My error,   mistook the TDi meaning it had an engine management on board. Yes you should feel the pulling power of the turbo coming in around the 1800 revs mark.If my memory serves me better today I seem to think that a mechanical pump is adjustable or at least can be recalibrated.But my initial thoughts when reading your post led me to suspect the turbo, but your mileage is low and it could be just a hose split of punctured.
Not sure where you are based but there must be a disel specialist near you.
I do know an excellent one in Hove Sussex.did all the taxi's.
cabby


----------



## pejoy (Sep 14, 2008)

Thanks guys.Can anyone recommend a good garage i could go to who is familiar with these engines. I'v tried phoning three fiat garages and they only really seem to know the modern engines.

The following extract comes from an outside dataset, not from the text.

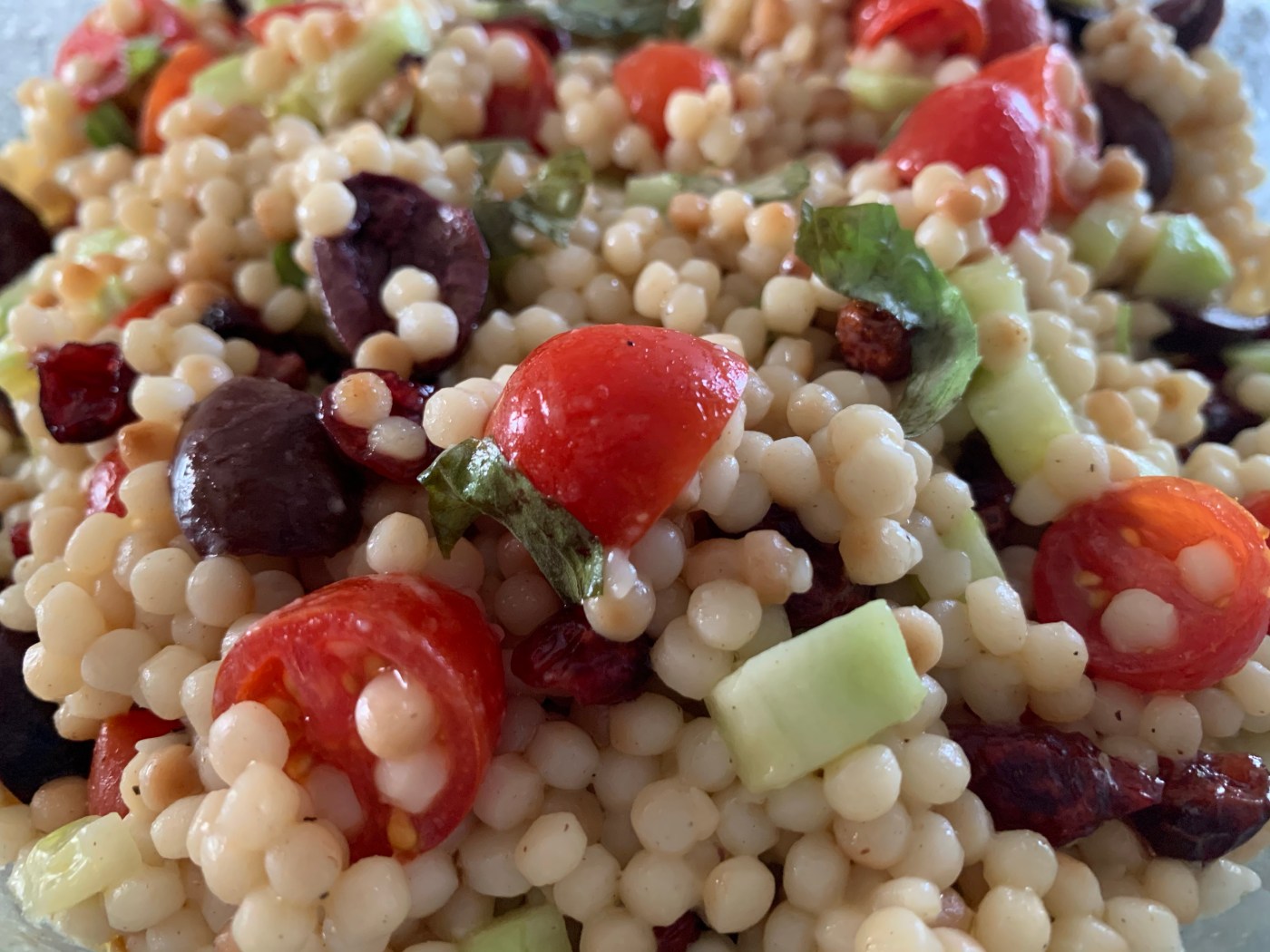 Dice up the cucumber, tomato, herbs, olives and craisins. Add them to the Couscous and mix well. Taste for seasoning and adjust with salt and/or pepper as needed. Enjoy warm or cover then refrigerate until cool, about 1 hour.
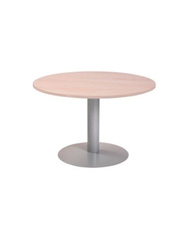 MESA DE REUNION ROCADA MEETING 3005AT04 ESTRUCTURA COLUMNA ACERO GRIS TABLERO MADERA BLANCO 100 CM DIAMETRO

Cabby...Do you have a phone number for the one you recommended.
Thank.
P.


----------



## locovan (Oct 17, 2007)

pejoy said:


> Thanks guys.Can anyone recommend a good garage i could go to who is familiar with these engines. I'v tried phoning three fiat garages and they only really seem to know the modern engines.
> 
> Cabby...Do you have a phone number for the one you recommended.
> Thank.
> P.


Err Im a girl-- :lol: :lol: 
I do hope you get this problem sorted and let us know what happens and the cost as you never know when my old girl might fail us. :wink:


----------



## eddied (May 9, 2005)

Ciao, I used to have one of these. Just a thought- the jubilee clip clamping one of the turbo hoses wouldoften come loose, and need either tightening or replacing. Usually happened on a motorway or the approach to a long incline? Have a look at yours; if they do work loose power loss is very noticeable.
saluti,
eddied


----------



## cabby (May 14, 2005)

Sorry for delay, Automatine Diesel, located in Hove Sussex BN3 4QR.
01273 415296. don't be put off by the name, this goes back generations.

cabby


----------



## Rabbiteer (Dec 25, 2008)

Try a weighbridge. 
Upto about 50mph it how much weight you are moving that matters. 
If engine and gear ratios are the same you can compare perfomance any make.
Proper servicing can pay dividends too, as they spot leaky pipes and other mechanical nasties.


----------



## OllyHughes (May 19, 2009)

Hi Pejoy 
Was going to tell you about 'Van Aken' and how they did a little bit of magic on my 1997 2.5 td Ducato in exchange for a little money, but on checking their website I find they have go out of business, Which is a shame because they really put life into my old girl. 
Hey ho thats progress for you 

Olly


----------